Most techies who’ve looked under the covers will be aware of PSPCMPROG. It’s the underlying table where PeopleCode is storeed. This isn’t immediately useful however as the actual code itself is stored in the PROGTXT field in binary so it’s not easily accessible. This isn’t an insurmountable issue however as there are a couple of routines to decode the field (an SQR and a Java version, both by David L Price). I’ve not used either method personally, but a colleague has used the SQR version with great success.

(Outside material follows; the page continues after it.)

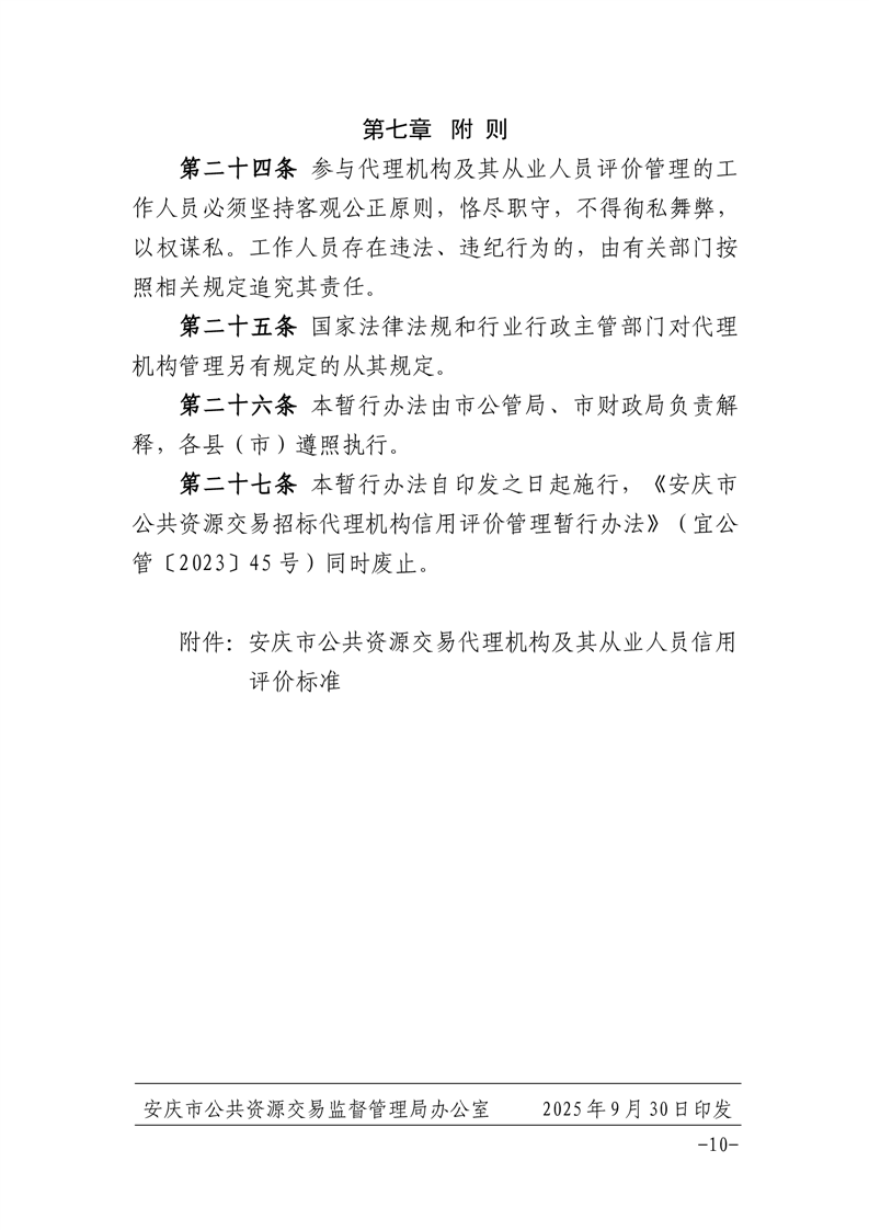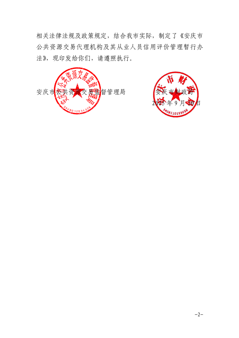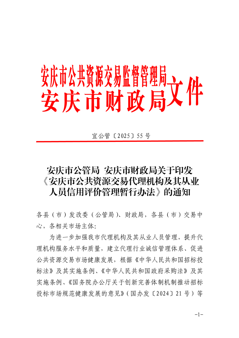 安慶市公管局 安慶市財(cái)政局關(guān)于印發(fā)《安慶市公共資源交易代理機(jī)構(gòu)及其從業(yè)人員信用評(píng)價(jià)管理暫行辦法》的通知

For me, this field isn’t quite the most useful on PSPCMPROG. You may have noticed that if you update the PeopleCode on a record, the record properties aren’t updated to reflect the change – I guess because the record definition itself hasn’t changed (although strangely Component and Page PeopleCode do update the timestamp on the corresponding Component/Page definition – so there’s a bit of an inconsistency there). So how do you check when and by whom a piece of Record PeopleCode was last updated? If you check the LASTUPDDTTM and LASTUPDOPRID fields on the PSPCMPROG record via SQL then it’s all recorded there. This snippet of knowledge has saved me (or at least expedited troubleshooting by showing me the correct person to ask about the change) innumerable times.

Lesser known tip

I’ve not really had much reason to look at the PSPCMNAME record in the past, however a colleague and I checked it recently and discovered the RECNAME and REFNAME fields. Every time you create some PeopleCode your code is parsed and a line inserted into PSPCMNAME for every reference to a Tools object. I assume that this is the record searched when using ‘Find Definition References’ within App Designer. However, now we know the SQL table behind this we can therefore query this table to quickly find out objects affected by code in a specified project, for example.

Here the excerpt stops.